▸ WORK TASK
Set out exactly, and only, the lines running from the one containing "Wenn man dazu" to the bottom of the listing below; pictures stay out.
------------------------------------
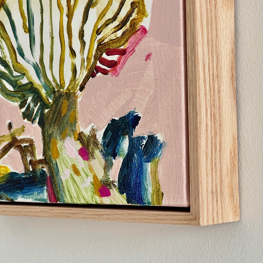 I choose to use raw Tasmanian oak on all my artworks because it pairs beautifully with my colour palette and is very durable.
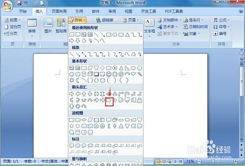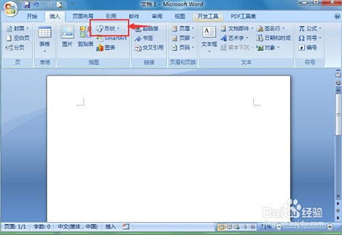 1、打开word,点击插入,选择外形东西;
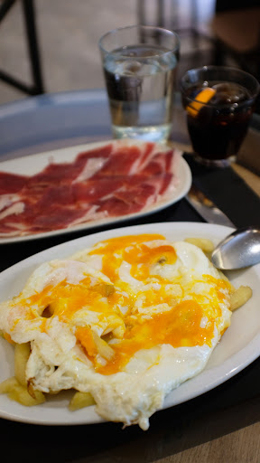 Okay, let's get started. As you may have read in previous reviews, this is a famous place for Huevos Rotos (fried eggs cracked over potatoes)(french fries). We came right after opening and had no problem getting a table. At the table there is a basket with bread(not good, warm bread that one usually wants to eat with breakfast, we are talking about cold, hard, and was made yesterday bread). They have a QR code menu that is very simple to use. So far, so good minus the bread that will shatter your teeth if you dont soak it first. We ordered the regular Huevos Rotos and the ones with Bacon and two waters. The plates come out and they do look beautiful, but so do cakes covered in fondant (and that tastes like fecal matter, but I digress). The eggs and bacon were actually pretty soild. They had negative amounts of salt and pepper, but seasoning is subjective, so I guess I won't knock them for that. The issue though is the potatoes (french fries). These were 1000% frozen and then thrown in oil that was no where near hot enough, which created a plate of super oily cold french fries which were then drenched in egg yolk. They charged 10.50 euros for this. A plate of undercooked french fries with two eggs and some chopped up bacon... That plate was a sin and I could have made better blindfolded with only my feet. It was actually disrespectful that they proudly served that. We asked the waiter if the fries were frozen and he quickly looked away and said "No, they are made daily". "Sure buddy I can open a freezer bag of fries daily too". When we got the check, it was the final nail in the coffin. They charged us for the two cold rocks of bread that were pre put on the table before we even arrived. We didn't order or barely even attempt to eat these boulders they called bread.
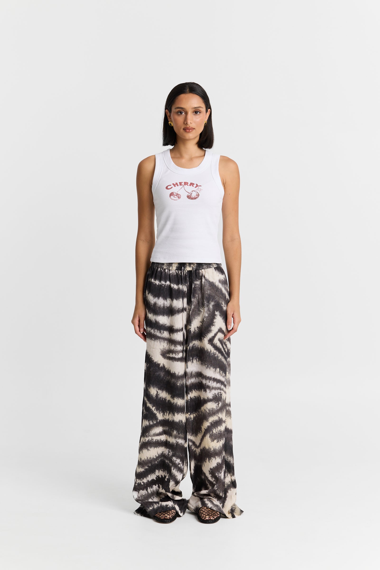 The Cherry Rib Tank is cut from a thick, stretch cotton rib that hugs the body and gently cinches at the waist for a flattering, sculpted fit.
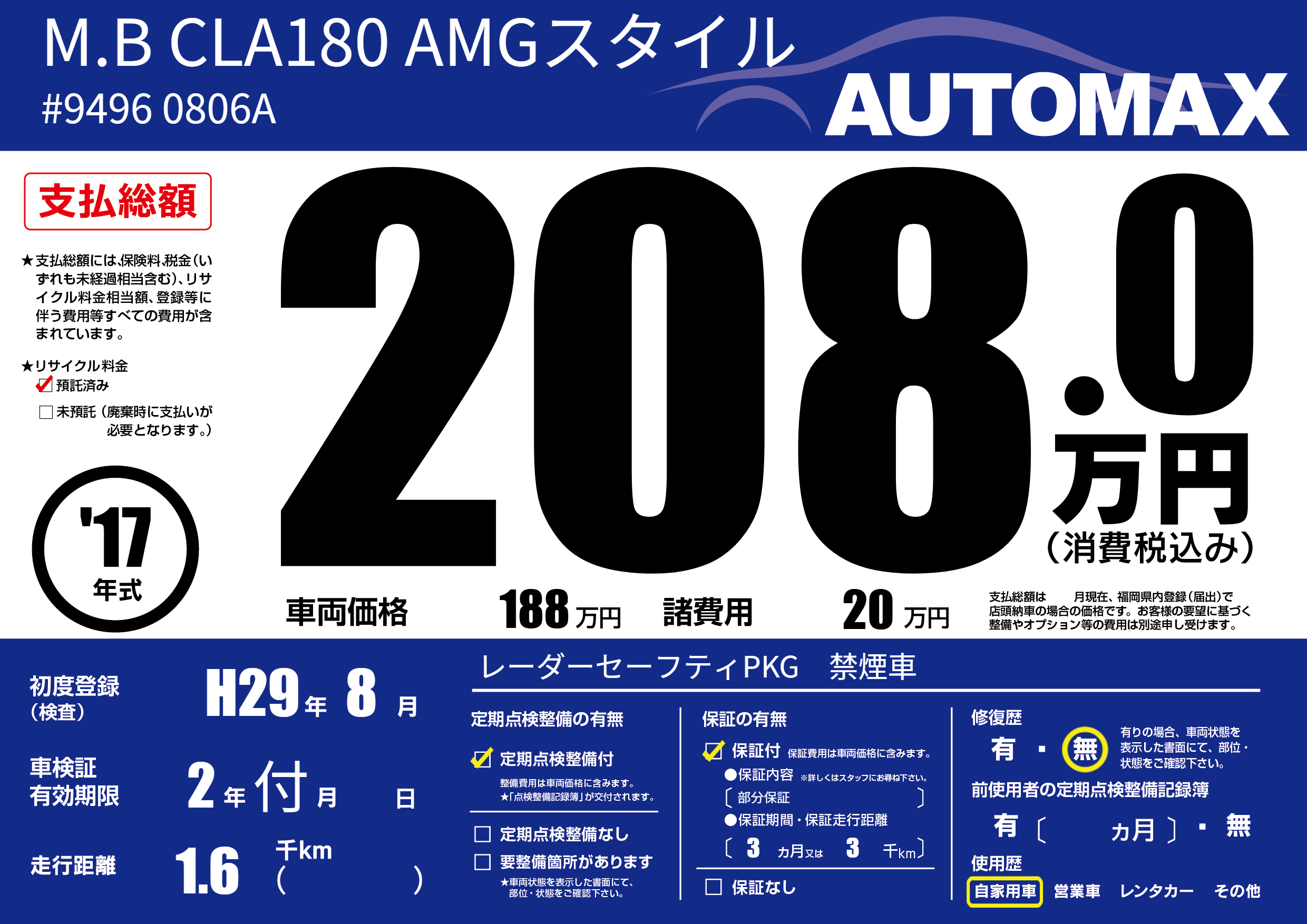 | 車名 | M.B CLA180 AMGスタイル | グレード ミッション 排気量 |
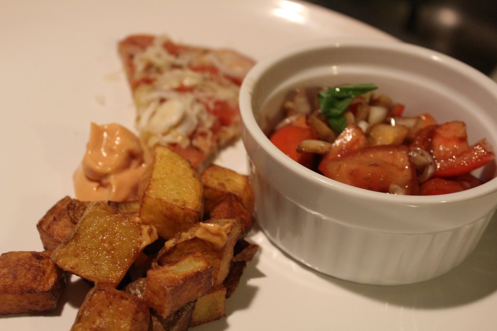 Wenn man dazu noch eine schöne Soße hätte… Ooops, da ist sie schon, eine sensationelle Tomataise (anklicken). Die habe ich mir extra dazu einfallen lassen, weil das nicht so einen Pommes mit Mayo und Ketchup Charakter haben sollte, sondern einen Anflug von Italien.
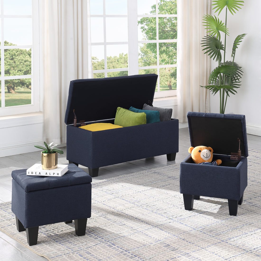 Video Large Storage Ottoman Bench Set, 3 In 1 Combination Ottoman, Tufted Ottoman Linen Bench For Living Room, Entryway, Hallway, Bedroom Support 250Lbs Dark Blue Fabric
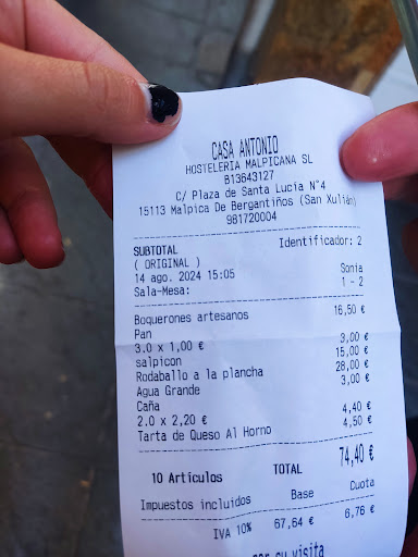 Read moreEl peor trato y nula profesionalidad que he visto en un "camarero" (lo entrecomillo por no desvirtuar la profesión...). En cuanto a la comida en si: las croquetas de marisco y los gambones a la plancha, buenísimos. El filete y la lubina muy mejorables (no puede admitirse que el vinagre de la ensalada de guarnición acabe empapando lo que quieres comer). Y, de añadido, un robo cobrar 25 euros por 2 rodajas de lubina (que casi fueron 28 por el enésimo error del "camarero"). Sólo éramos 3 personas. Se olvidaron traer un refresco, hubo que llamarle para recordarlo. Pedimos una botella grande de agua, la traen y a los 10 minutos seguíamos sin tener vasos (también los tuvimos que pedir). Pero lo más penoso es que pedimos 1 entrante y 3 platos (hago hincapié en que éramos 3 personas), detallando lo que queríamos cada uno, y entre el plato de mi pareja y los otros 2 platos pasaron, de reloj, 35 minutos (y también hubo que reclamarlos). Y, al hacerlo, el señor que nos atendió de malos modos desde el principio, dicho sea de paso, se justificó diciendo que lo de mi pareja era un primer plato y lo demás un segundo plato!!!??? Lo dicho, la peor experiencia que he tenido en un restaurante. Seguro que en los días que nos queda en Malpica encontraremos sitios donde ser atendidos muchísimo mejor. Tan seguro como que no volveremos a ese sitio en...
------------------------------------
▸ TASK RESPONSE
 Wenn man dazu noch eine schöne Soße hätte… Ooops, da ist sie schon, eine sensationelle Tomataise (anklicken). Die habe ich mir extra dazu einfallen lassen, weil das nicht so einen Pommes mit Mayo und Ketchup Charakter haben sollte, sondern einen Anflug von Italien.
 Video Large Storage Ottoman Bench Set, 3 In 1 Combination Ottoman, Tufted Ottoman Linen Bench For Living Room, Entryway, Hallway, Bedroom Support 250Lbs Dark Blue Fabric
 Read moreEl peor trato y nula profesionalidad que he visto en un "camarero" (lo entrecomillo por no desvirtuar la profesión...). En cuanto a la comida en si: las croquetas de marisco y los gambones a la plancha, buenísimos. El filete y la lubina muy mejorables (no puede admitirse que el vinagre de la ensalada de guarnición acabe empapando lo que quieres comer). Y, de añadido, un robo cobrar 25 euros por 2 rodajas de lubina (que casi fueron 28 por el enésimo error del "camarero"). Sólo éramos 3 personas. Se olvidaron traer un refresco, hubo que llamarle para recordarlo. Pedimos una botella grande de agua, la traen y a los 10 minutos seguíamos sin tener vasos (también los tuvimos que pedir). Pero lo más penoso es que pedimos 1 entrante y 3 platos (hago hincapié en que éramos 3 personas), detallando lo que queríamos cada uno, y entre el plato de mi pareja y los otros 2 platos pasaron, de reloj, 35 minutos (y también hubo que reclamarlos). Y, al hacerlo, el señor que nos atendió de malos modos desde el principio, dicho sea de paso, se justificó diciendo que lo de mi pareja era un primer plato y lo demás un segundo plato!!!??? Lo dicho, la peor experiencia que he tenido en un restaurante. Seguro que en los días que nos queda en Malpica encontraremos sitios donde ser atendidos muchísimo mejor. Tan seguro como que no volveremos a ese sitio en...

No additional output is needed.